Mean is the default choice. It doesn't shift the overall distribution much. But it's sensitive to outliers -- if one apartment is 400 sqm and the rest are around 80, the mean gets dragged up to maybe 110, which is too high for a typical apartment.

Median is more robust. It's the middle value, so outliers don't affect it. For skewed data (incomes, house prices, anything with a long tail), median imputation is almost always better than mean.

For categorical data (which we'll handle in the encoding section), you'd use the mode -- the most frequent value.

The critical rule (you saw this coming): compute the imputation values from the training set only, then apply them to both train and test. If you compute the mean from the full dataset, you've leaked test information into your imputation. Same sin as scaling before splitting.

Strategy 3: add a "missing" indicator

Sometimes the fact that a value is missing is itself informative. Think about it: a missing income field in a loan application might correlate with unemployment.

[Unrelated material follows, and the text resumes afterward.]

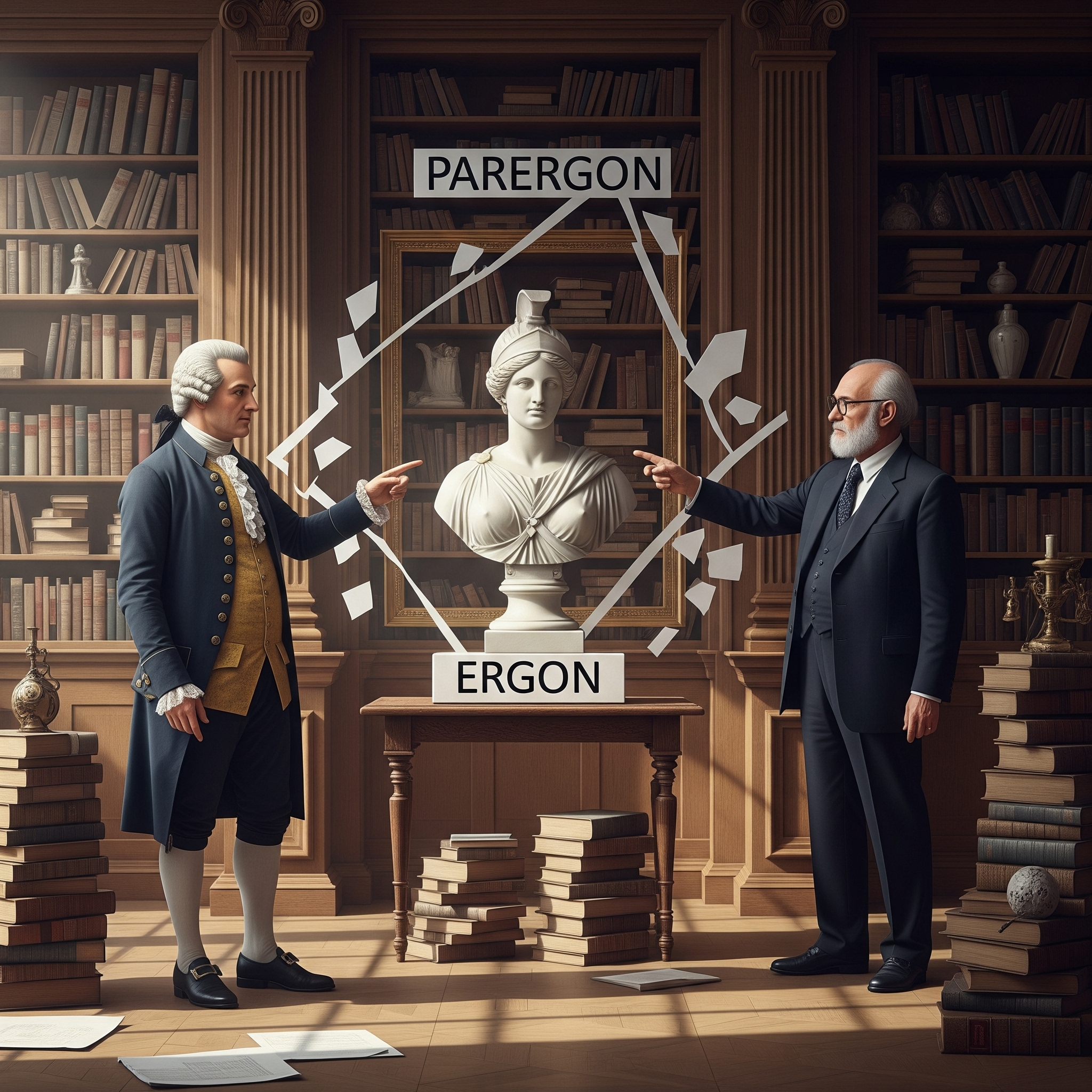칸트는 『판단력 비판』에서 예술작품의 ‘본질’(에르곤)과 ‘장식’(파레르곤)을 구별합니다. 그는 말합니다.

A missing blood pressure reading might mean the patient was too sick to sit still for the measurement. The absence of data carries information that pure imputation destroys.

The strategy: impute the value (so you have numbers for the model to work with) AND add a binary column that says "this value was originally missing."

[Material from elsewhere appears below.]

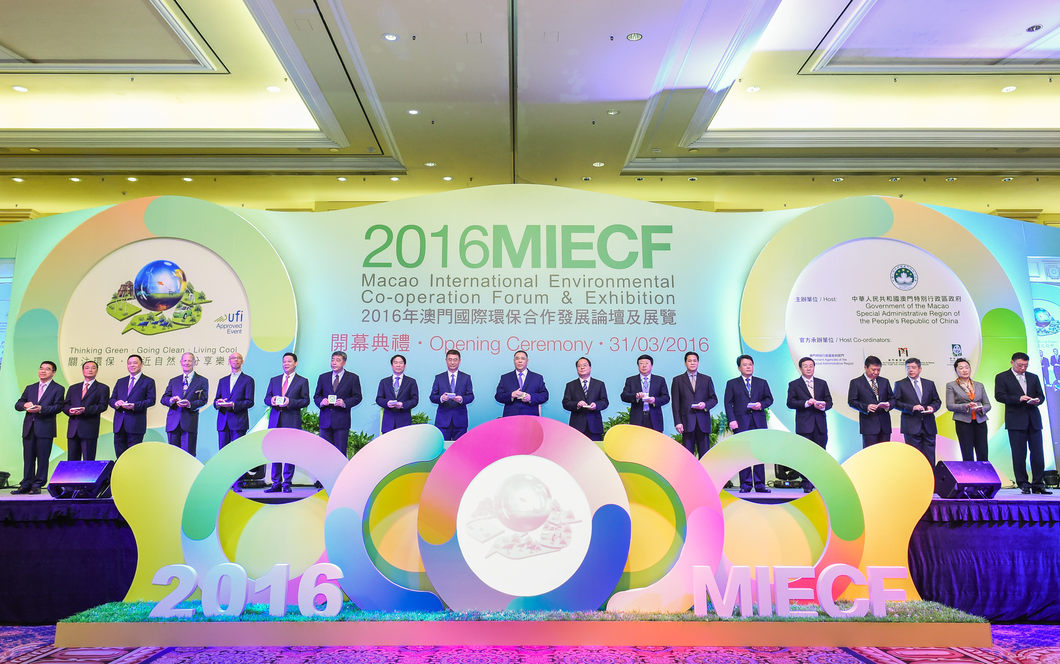Ocorreu, esta manhã, às 10:00 horas, a inauguração oficial de mais uma edição do MIECF, presidida pelos seguines dignitários: Chefe do Executivo da RAEM, Fernando Chui Sai On, director-Adjunto do Gabinete de Ligação do Governo Central Popular na Região Administrativa Especial de Macau, Yao Jin, comissário adjunto do Ministério dos Negócios Estrangeiros da República Popular da China em Macau, Pan Yundong, vice-ministro de Ciência e Tecnologia da República Popular da China, Xu Nanping, vice-governador executivo do Governo Popular da Província de Hunan, Chen Xianqun, vice-governador do Governo Popular da Província de Guangdong, Xu Ruisheng, vice-presidente do Governo Popular da Região Autónoma Zhuang de Guanxi, Haung Shiyong, vice-governador do Governo Popular da Província de Sichuan, Yang Xinping, vice-governador do Governo Popular da Província de Yunnan, Liu Huiyan, secretário para o Ambiente da Região Administrativa Especial de Hong Kong, Wong Kam-Sing, director-geral adjunto do Departamento de Conservação de Recursos e Protecção Ambiental, adistrito à Comissão Nacional para o desenvolvimento e Reforma da República Popular da China, Lu Wenbin, em representação do Presidente da Comissão Nacional para o Desenvolvimento e Reforma da República Popular da China, Xu Shaoshi, Pioneiro da economia circular e criador dos conceitos “Cradle to Cradle” e “Performance Economy”, fundador-director do “The Product-Life Institute, Geneva” e Membro de Pleno Direito do “Club of Rome”, professor Dr. h. c. Walter R. Stahel, director-geral adjunto do Gabinete Geral do Ministério de Protecção Ambiental da República Popular da China, Chen Yanping, em representação do Ministro de Protecção Ambiental da República Popular da China, Chen Jining, secretário para a Economia e Finanças da RAEM, Leong Vai Tac, secretário para os Transportes e Obras Públicas da RAEM, Raimundo do Rosário, secretário-geral adjunto do Governo Popular da Província de Jiangxi, Xie Maolin, directora-geral do Departamento de Protecção Ambiental da Província de Fujian, Zhu Hua, director-geral do Departamento de Ecologia e Protecção Ambiental da Província de Hainan, Deng Xiagang, e director-geral adjunto do Departamento de Protecção Ambiental da Província de Guizhou, Xu Heng.

# Create binary indicators for missing values
X_features = data[:, :3]  # sqm, rooms, age
missing_flags = np.isnan(X_features).astype(float)
X_imputed = impute_all(data, 'mean')[:, :3]

# Combine: imputed features + missing flags
X_augmented = np.column_stack([X_imputed, missing_flags])

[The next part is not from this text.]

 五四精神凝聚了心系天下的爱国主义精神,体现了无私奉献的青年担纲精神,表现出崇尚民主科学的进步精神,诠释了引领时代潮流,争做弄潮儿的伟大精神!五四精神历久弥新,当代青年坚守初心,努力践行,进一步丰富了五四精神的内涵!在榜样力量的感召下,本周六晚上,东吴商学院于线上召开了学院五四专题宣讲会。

print(f"\nOriginal features: {X_features.shape[1]} columns")
print(f"With missing flags: {X_augmented.shape[1]} columns")
print(f"  (3 original + 3 indicator flags)")

# Show one row that had a missing value (row 0: age was NaN)
print(f"\nRow 0 (age was missing):")
print(f"  sqm={X_augmented[0, 0]:.0f}  rooms={X_augmented[0, 1]:.0f}  "
      f"age={X_augmented[0, 2]:.1f} (imputed)")
print(f"  sqm_missing={X_augmented[0, 3]:.0f}  rooms_missing={X_augmented[0, 4]:.0f}  "
      f"age_missing={X_augmented[0, 5]:.0f}")

The model can now learn patterns like "when the age field is missing AND the price is low, it probably means X." You've given it strictly more information than imputation alone. The downside is doubling your feature count (or close to it, if many columns have missing values), but that's usually a worthwhile tradeoff.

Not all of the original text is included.